### [TRY IT]
Provide again, from the entries below, every line from the one containing "13 | 3승 4무 1패 |" through the one containing "全國黨建研究會(huì)會(huì)長李", exactly as written, and no other line.

### [DATASET RECORDS]
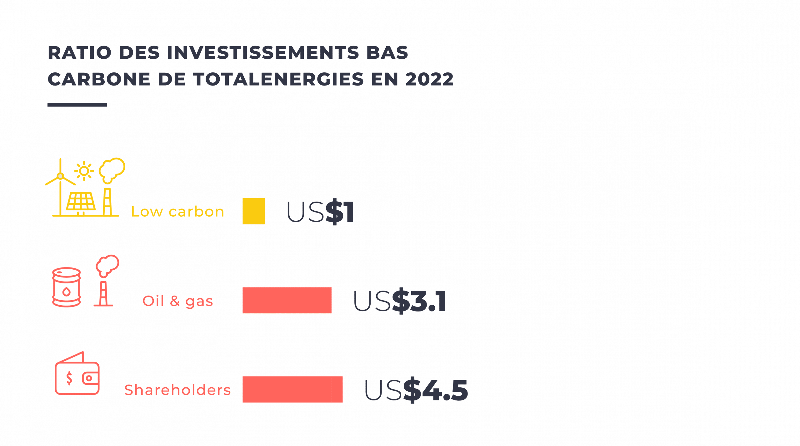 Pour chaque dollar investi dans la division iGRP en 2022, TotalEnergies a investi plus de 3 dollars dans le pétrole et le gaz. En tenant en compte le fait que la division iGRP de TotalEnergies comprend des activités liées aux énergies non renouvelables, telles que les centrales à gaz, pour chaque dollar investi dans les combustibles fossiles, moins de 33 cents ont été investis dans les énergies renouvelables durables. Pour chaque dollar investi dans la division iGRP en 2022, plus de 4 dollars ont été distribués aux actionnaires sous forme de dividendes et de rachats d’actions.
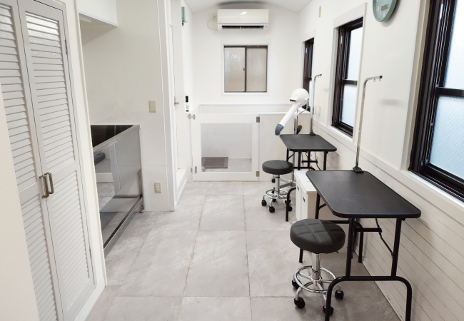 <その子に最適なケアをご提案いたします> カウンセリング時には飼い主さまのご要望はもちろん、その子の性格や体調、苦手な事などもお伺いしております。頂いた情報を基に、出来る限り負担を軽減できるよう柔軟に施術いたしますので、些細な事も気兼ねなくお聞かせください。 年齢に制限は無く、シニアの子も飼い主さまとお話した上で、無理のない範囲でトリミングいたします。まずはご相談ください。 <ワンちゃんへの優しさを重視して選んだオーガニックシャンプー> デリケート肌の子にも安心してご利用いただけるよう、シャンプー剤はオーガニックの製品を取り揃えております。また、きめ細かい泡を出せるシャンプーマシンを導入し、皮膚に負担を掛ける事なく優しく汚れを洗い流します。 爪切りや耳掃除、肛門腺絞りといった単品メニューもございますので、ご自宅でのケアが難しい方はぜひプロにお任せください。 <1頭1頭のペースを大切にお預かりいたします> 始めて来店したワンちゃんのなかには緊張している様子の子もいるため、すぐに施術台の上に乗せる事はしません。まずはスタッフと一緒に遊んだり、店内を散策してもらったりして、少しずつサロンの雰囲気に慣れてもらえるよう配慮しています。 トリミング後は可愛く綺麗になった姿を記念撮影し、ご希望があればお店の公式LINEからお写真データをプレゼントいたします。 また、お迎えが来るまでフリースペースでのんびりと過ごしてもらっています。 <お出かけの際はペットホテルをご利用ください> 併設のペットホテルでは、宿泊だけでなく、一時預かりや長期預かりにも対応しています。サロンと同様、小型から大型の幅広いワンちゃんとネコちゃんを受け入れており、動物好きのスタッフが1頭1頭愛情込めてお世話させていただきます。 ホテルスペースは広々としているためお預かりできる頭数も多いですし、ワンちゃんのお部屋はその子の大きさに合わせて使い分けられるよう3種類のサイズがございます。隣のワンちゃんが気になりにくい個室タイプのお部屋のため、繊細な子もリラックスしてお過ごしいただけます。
--
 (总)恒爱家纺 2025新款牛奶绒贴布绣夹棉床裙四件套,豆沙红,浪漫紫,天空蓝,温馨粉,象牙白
---
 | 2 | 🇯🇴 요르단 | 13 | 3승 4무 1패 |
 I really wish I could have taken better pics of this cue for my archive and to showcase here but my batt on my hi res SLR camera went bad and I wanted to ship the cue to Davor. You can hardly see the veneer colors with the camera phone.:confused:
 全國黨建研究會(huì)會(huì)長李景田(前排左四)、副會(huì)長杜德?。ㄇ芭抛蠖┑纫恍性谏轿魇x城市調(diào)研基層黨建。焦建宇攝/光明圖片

### [EXERCISE ANSWER]
 | 2 | 🇯🇴 요르단 | 13 | 3승 4무 1패 |
 I really wish I could have taken better pics of this cue for my archive and to showcase here but my batt on my hi res SLR camera went bad and I wanted to ship the cue to Davor. You can hardly see the veneer colors with the camera phone.:confused:
 全國黨建研究會(huì)會(huì)長李景田(前排左四)、副會(huì)長杜德?。ㄇ芭抛蠖┑纫恍性谏轿魇x城市調(diào)研基層黨建。焦建宇攝/光明圖片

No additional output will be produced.